“HUD CHARGES PHILADELPHIA HOUSING PROVIDER WITH DISABILITY DISCRIMINATION”

WASHINGTON – The U.S. Department of Housing and Urban Development today announced that it is charging Post Presidential Property Owner, LLC, and Post Commercial Real Estate, LLC, the owner and manager respectively of Presidential City Apartments in Philadelphia, with disability discrimination. Specifically, HUD’s charge alleges that Housing Equality Center of Pennsylvania conducted testing concerning whether the owner and management company were rejecting reasonable accommodation requests, including requests for waivers of pet fees for assistance animals and for designated parking spaces. According to the Charge, HECP’s testing revealed discrimination against persons with disabilities. Read HUD’s Charge.

The Fair Housing Act prohibits housing discrimination based on disabilities, including denying reasonable accommodation requests for the waiver of pet fees for assistance animals and rejecting requests for a designated handicapped parking space needed by a person with a disability.

“Reasonable accommodations enable persons with disabilities to fully utilize and enjoy their homes and shouldn’t be denied,” said Anna María Farías, HUD’s Assistant Secretary for Fair Housing and Equal Opportunity. “HUD will continue taking action to protect their rights by ensuring that housing providers meet their obligations under the Fair Housing Act.”

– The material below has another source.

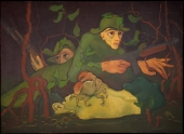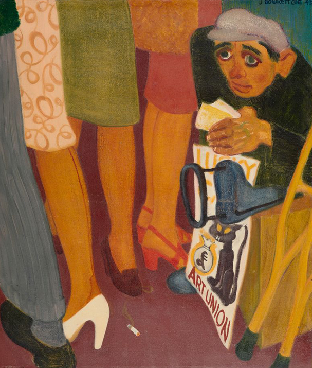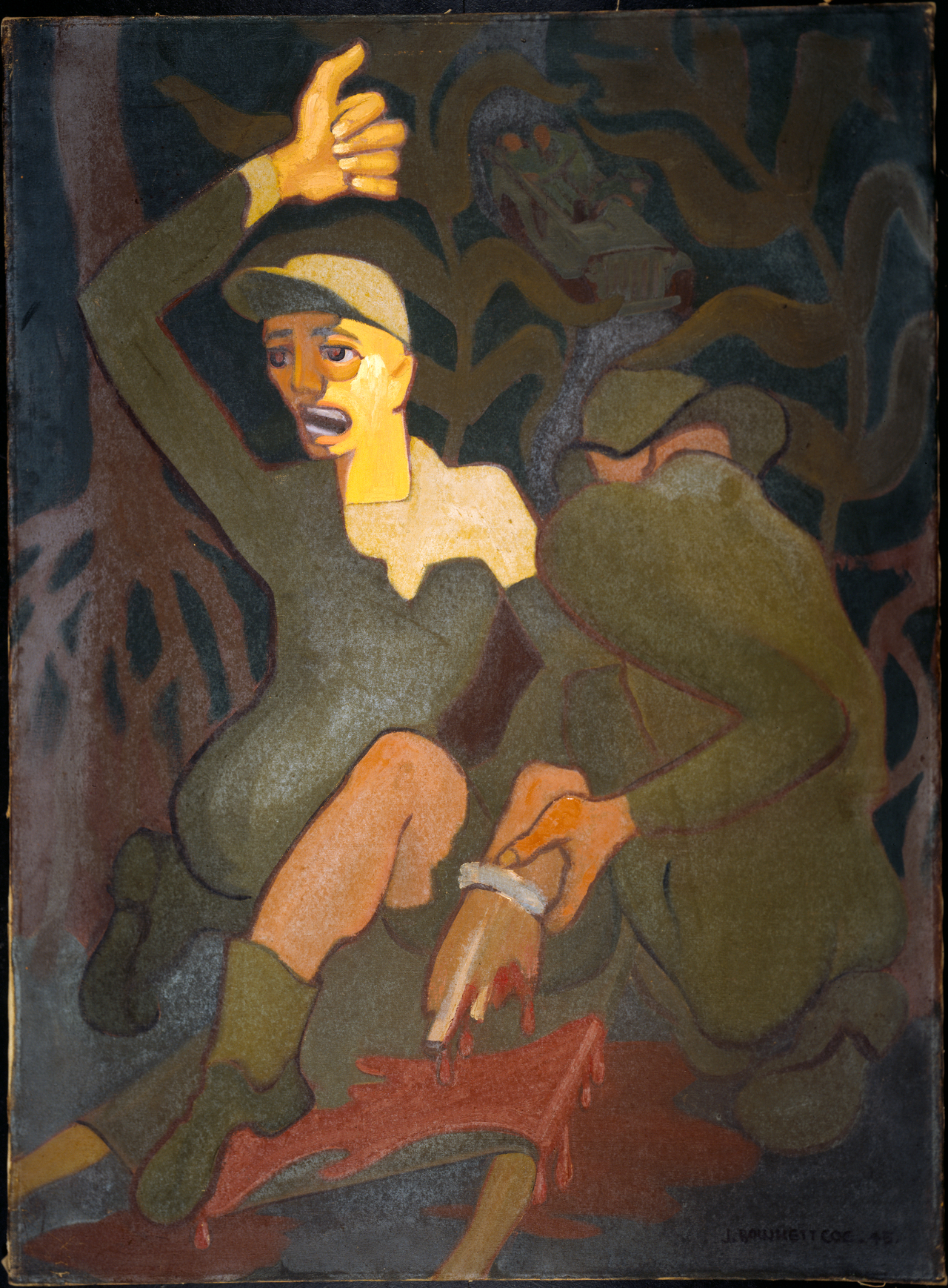 Also in the Te Papa collection is a painting of a Wellington lottery ticket seller (Figure 6), made in 1945, the year the war ended . This painting is made in the same expressive style as the two earlier works shown on the National Archives War Art website, and depicts a man wearing a leg extension device, sitting at a very low level on the pavement surrounded by the legs of passersby. A pair of wooden crutches is propped up next to him. Perhaps this is the victim in Figure 5, struggling to survive with his disability, the forest of mangrove trees now replaced by a forest of anonymous legs?

“HUD will vigorously enforce the rights of persons with disabilities to receive the reasonable accommodations they need to enjoy their homes,” said Michael B. Williams, HUD’s Principal Deputy General Counsel.

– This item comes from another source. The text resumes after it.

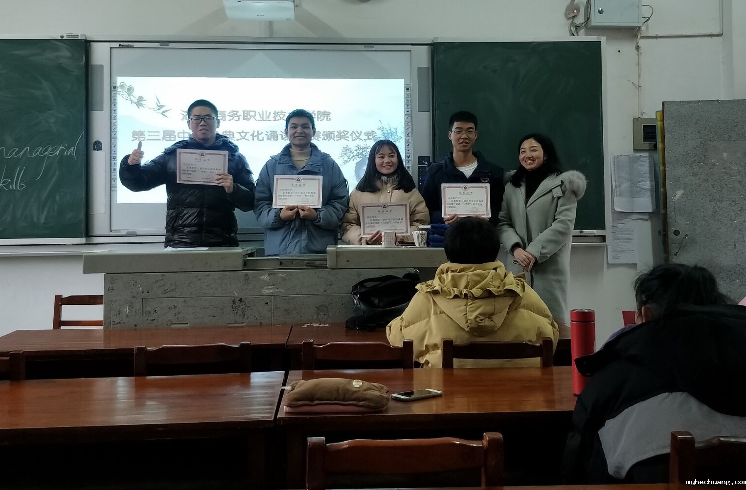 对获得一、二、三等奖同学分别奖励300、200、100元,并颁发荣誉证书。希望获奖者珍惜荣誉,再接再厉,在今后的学习工作中不断取得新成绩;广大同学向获奖者学习,积极发扬和传承中华优秀传统文化,争做弘扬民族精神的优秀大学生。

HUD’s charge will be heard by a United States Administrative Law Judge. If an administrative law judge finds after a hearing that discrimination has occurred, he or she may award damages to the complainants for harm caused by the discrimination. The judge may also order injunctive relief and other equitable relief, as well as payment of attorney’s fees. In addition, the judge may impose fines to vindicate the public interest. If the matter is decided in federal court, the judge may also award punitive damages.